Hat jemand ne Idee, wie man das machen kann? So könnte man vllt auch nen Rückspiegel bei einem Autorennen realisiert haben. 

Im Moment fehlen mir leider gerade komplett die IDeen. habe versucht es mit Texturen zu lösen, die ihre Bilddaten von, ja ... der Kamera(2) bekommen, aber das ging garnicht. 

Würde mich sehr freuen, wenn jemand ne gute Idee für mich hat, oder vllt en Link, wo man weiterlesen kann...

Grüße

Stevee


----------



## EgonOlsen (5. Sep 2008)

Du könntest das Bild von Kamera 2 in eine Textur rendern, die dann in der Ansicht von Kamera 1 irgendwo verwendet wird.


----------



## Stevee (5. Sep 2008)

EgonOlsen hat gesagt.:
			
		

> Du könntest das Bild von Kamera 2 in eine Textur rendern, die dann in der Ansicht von Kamera 1 irgendwo verwendet wird.



Das klingt nach ner guten Idee. Kannst Du mir noch verraten, wo ich weiteres zum Rendern eines Kamerabildes in eine Textur lesen kann? 

Texturen "reinkleben" geht mittlerweile ganz gut, aber diese mittels eines Bildes herstellen... Öhm ja, wo müßte ich schauen. 

Danke schonmal 

Stevee


----------



## EgonOlsen (5. Sep 2008)

z.B. findest du hier was: ogltotd.blogspot.com/2006/12/render-to-texture.html

Wenn der Treiber keine FBO (gilt eigentlich nur für alte und für manche Intel-Chips/Treiber) kann, kann man auch direkt in den Framebuffer rendern und die Textur daraus befüllen.

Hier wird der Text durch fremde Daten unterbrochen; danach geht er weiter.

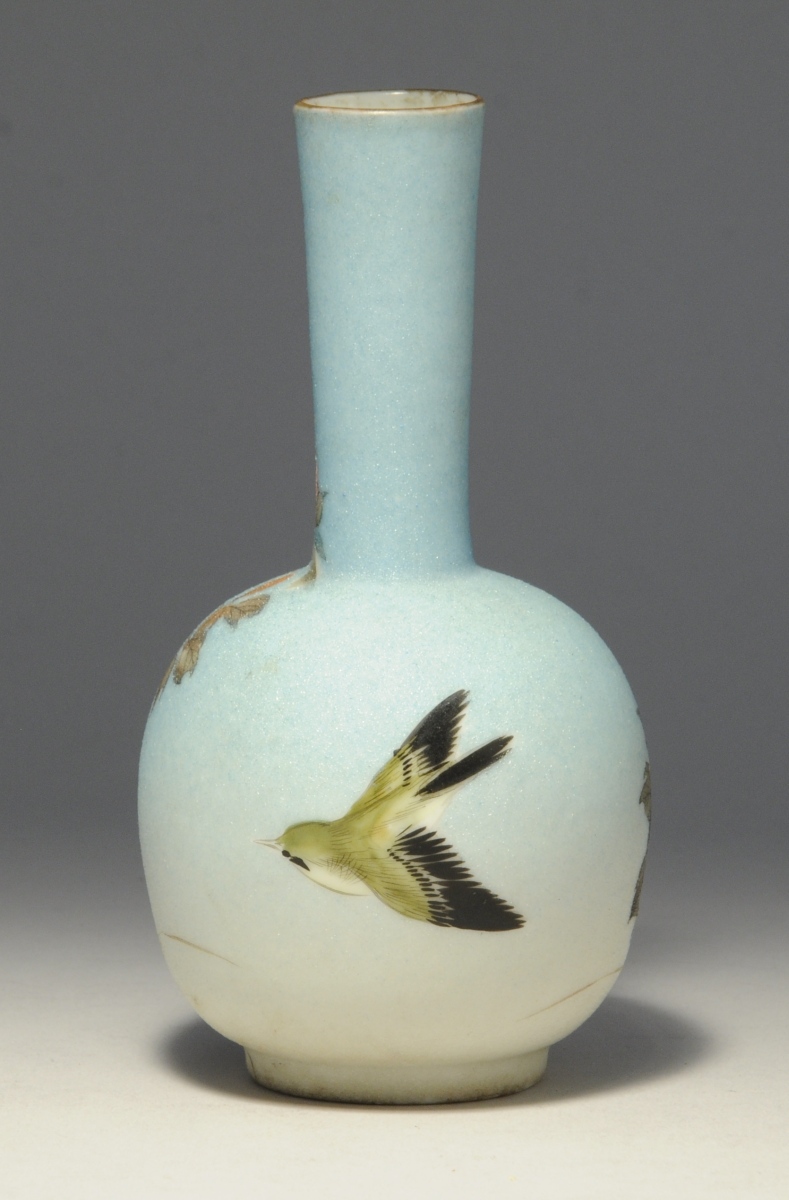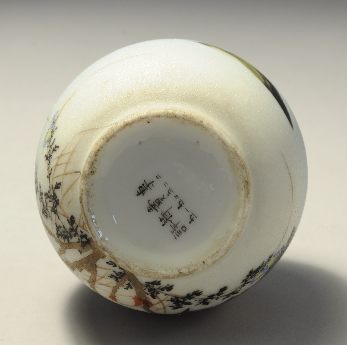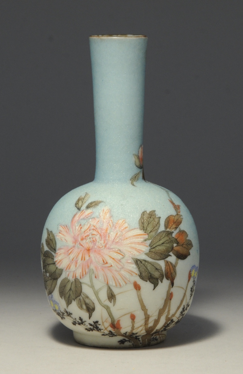 JAPON. VASE piriforme à large base, en porcelaine peinte d'une pivoine et d'un oiseau. Poème sous la base.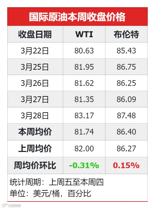 WTI周均价81.74美元/桶,环比下跌0.31%;布伦特周均价86.40美元/桶,环比上涨0.15%。

Ist aber langsamer. Oder PBuffer, aber die sind gammelig zu benutzen IMHO. FBOs sind einfacher und funktionieren besser.

Edit: Wie das aussieht, kannst z.B. in diesem Video sehen: www.jpct.net/download/window_blinds.zip (etwa kurz vor der Hälfte der Laufzeit im Fernseher).


----------



## Fancy (5. Sep 2008)

Moin,

falls Du ein kurzes jogl Beispiel suchst, sieh mal hier im Forum ein paar Threads weiter unten, da wird in ein fbo gerendert. (OpenGL (JOGL) - Radial Blur Effekt (Glow))

Gruß,
Michael


----------